India is known for the variety of desserts available all over the country. Indeed no occasion is adequately celebrated without a hearty filling of sweets; and different regions of the country have their own signature dishes. Bengal for example has always been known for its sandesh and rosogolla (literally meaning ‘dumpling of sweet syrup’ ). A rosogolla is a sweet popular in the states of West Bengal and Orissa and is basically made of soft spongy balls of cottage cheese (chana) dipped in thick viscous sugar syrup. Over the years, the sweet has undergone its fair share of transformation and is now popular throughout the country for its mouthwatering deliciousness. The rosogolla has its share of variants. While the normal and most popular version is white in color, you also have the nolen gurer rosogolla (made from special seasonal date jaggery ‘nolen gur’ available in the winter), the Kamalabhog (orange flavored) and Rajbhog (Royal meal).
The Origin: Bikalananda Kar and Khir mohana
The exact age of the sweet is debated upon. The original recipe is at least three to six centuries old as opined by historians. Rosogollas are used as the only sweet offered to Goddess Mahalakshmi (consort to Lord Jagannath of the Puri temple) durig the annual festival of Rathayatra. The festival is six centuries old and the rituals have hardly changed with time. This implies that the sweet must be as old as the festival itself. Moreover in old scriptures the roundness of Lord Jagannath’s eyes has also been likened to the shape of rosogollas.
The Rosogolla took its birth in present day Odisha and was originally known as Khira mohana. It has been a traditional Oriya sweet dish for a long time and was invented by the celebrated confectioner of the yesteryear- Bikalananda Kar. The Kar brothers popularised the sweet and their descendants still operate the confectionery from Salepur, a town near Cuttack, the capital of Odisha. The present day Rosogolla differs from the erstwhile khira mohana quite a lot. The traditional recipe found its way into the Bengali kitchen at the time of the Bengal Social Renaissance when the Upper Class Bengalis in Kolkata started employing Oriya cooks in their kitchen.
The legendary confectioner (moira, as called in the local language) Nobin Chandra Das of Kolkata is accredited to be the father of Rosogollas as we know them today.
Nobin Chandra Das and how he invented the ‘Kolkatar Rosogolla’
The Oriya Khira mohana was not as spongy or soft as the rosogolla. Moreover it was perishable, making storage an issue. Nobin Chandra Das took upon himself the task of revolutionizing the sweet to suit Bengali tongues.
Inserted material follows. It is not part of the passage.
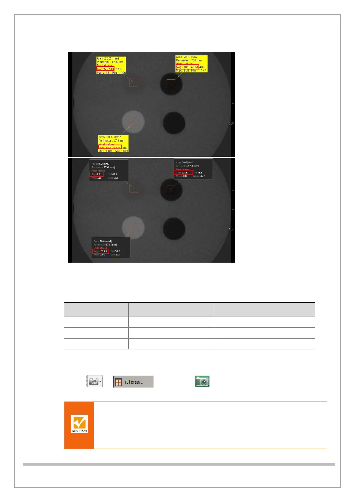 14) Record the mean CT Number of each material.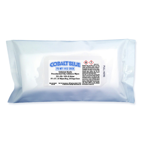 Cobalt Blue Pre-saturated Sterile Cleanroom Wipes 9" x 12" – Nonwoven Poly-cellulose blend, saturated with 70% IPA / 30% DI Water. These 9" x 12" validated sterile pre-saturated cleanroom wipes are constructed of low-linting nonwoven poly-cellulose and are suitable for class 100 cleanrooms and higher. Our Cobalt Blue Pre-saturated Sterile Cleanroom Wipes 9 x 11 contain four clean-cut edges to eliminate fiber contamination. Cobalt Blue Sterile Cleanroom Wipes are designed to meet the requirements set forth by USP 797 and USP 800 for sterile preparations in pharmaceutical compounding settings.

His forefathers had been sugar merchants in Kolkata for a long time and had a well established business in sweets. Nobin Chandra Das came up with the perfect recipe to soften the dessert and make it last longer. What he had now was delicious dumplings that melted in your mouth leaving you wanting for more. What was left was marketing the product, and luck lent him a helping hand.
The legend goes that one day a travel weary man asked for water from Nobin Chandra Das, and Das being his hospitable self offered him a rosogolla along with a glass of water. The man turned out to be famous Kolkata businessman Raibahadur Bhagwandas Bagla. He was so impressed by the humble looking sweet that he used his influence to popularise Das’ creation. Soon enough Bengal started to swear by the rosogolla. They say that Das refused to file for a patent for the recipe of the sweet as he believed that his creation would be popularised only when it would be sold in sweet shops across Bengal. He taught many confectioners the intricacies of his winning recipe; and today the fame of rosogolla has traveled across the length and breadth of the country.
It was with the marketing genius and ingenuity of Das’s son that the rosogolla garnered more fame. K. C. Das, as he is popularly known today, invented the canned version of the sweet and it was now possible to ship the product over long distance. Needless to say, the rosogolla found its adequate share of takers.
Traditionally rosogollas are sold in clay pots called ‘handis’. In Nepal the sweet is popular under the alias ‘rasbari’. An interesting piece of trivia: The Indian space agency, ISRO is developing dehydrated rasgullas for Indian astronauts in its planned manned mission in 2016.
The Rosogolla is unparalleled in popularity in Kolkata when it comes to pulling crowds. It has been suitably reinvented from time to time. Western flavors have been incorporated into the traditional recipe to come up with innovations ranging from the chocolate rosogolla, the strawberry rosogolla and vanilla flavored ones to a few bizarre combinations as well. However the simplicity of the humble traditional recipe maintains its hold over the taste buds of Bengalis. Bengali taste has become synonymous with the ubiquitous sweet and everything ranging from a hot Bengali to anything remotely desirable is often lovingly referred to as ‘rosogolla’. Needless to say, if you happen to visit the City of Joy anytime, you will be a fool to give the Rosogolla a miss.